Computerworld

Inside the new Cloudera Data Platform: vision, migration and roadmap

The vendor has laid out its plans for a new combined data platform, which promises to bring together the best features of CDH and HDP

Cloudera has laid out its plans for a new combined data platform since merging with fellow open source big data vendor Hortonworks, which promises to bring together the best of the former rival Hortonworks Data Platform (HDP) and Cloudera Distribution Hadoop (CDH) options.

Here, we go into more detail regarding how the two companies are coming together to create a unified product, as well as how staff and support functions have been blended into one organisation and what customers can expect from the new Cloudera Data Platform (CDP).

The marriage so far

Former rivals Cloudera and Hortonworks merged last year, the end of what Cloudera CMO Mick Hollison called a "long dating process" that was finalised earlier this year.

The merger can be thought of as something of a marriage of convenience as "many of our engineers had been in effect working together for the past six, seven, eight years in the open source community," as Hollison put it while speaking to the media this week.

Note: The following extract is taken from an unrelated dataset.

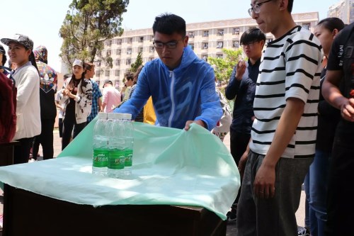 参赛者抽出放有装有水的瓶子下的桌布,在抽出桌布的同时瓶子不能倒下,则游戏成功完成一次。每支队伍有六次机会。(每成功一次,队伍接力的时间减少5秒)

"About 70 per cent of our code is overlapping between the two companies," he added. "So the bulk of what we were working on, we were working on together in many respects already. So there was a natural affinity that was already there, certainly, on the engineering side."

That being said, the go-to-market functions weren't as quick to get along. "It was a lot more competitive as you might imagine," Hollison said, "but that also is coming together really, really well."

The company just completed its sales kickoff in Seattle, where everyone got to "meet one another and once a bunch of sales people start drinking together, everything's fantastic, right? So we all enjoyed ourselves, and got to know and trust one another quite a bit more."

Speaking on Cloudera's Q4 earnings call earlier this month, where the vendor announced combined revenues of US$145 million, Cloudera CEO Tom Reilly went into a bit more detail, saying: "Our account representatives receive their account assignments last month and we have completed our sales kickoff with extensive training on the new roadmap and product offerings added in the merger."

This salesforce will be solely focused on the biggest enterprise customers.

Cloudera is also bringing together its Cloudera University for training, the professional services function and customer support into a single department with common systems to deliver streamlined training and support for customers.

Finally, on partnerships, Hollison talked about how the vendor has now "merged two very large and successful partner ecosystems. On the Cloudera side, I can tell you, we are super excited about improving upon our already great partnerships with IBM and with Microsoft.

Hortonworks recently announced a new, improved relationship with the Google Cloud Platform as well, we're going to be digging into that."

Cloudera Data Platform

That product roadmap is starting to take shape now with the announcement of the Cloudera Data Platform, which promises to bring together the best features of both companies' enterprise big data solutions.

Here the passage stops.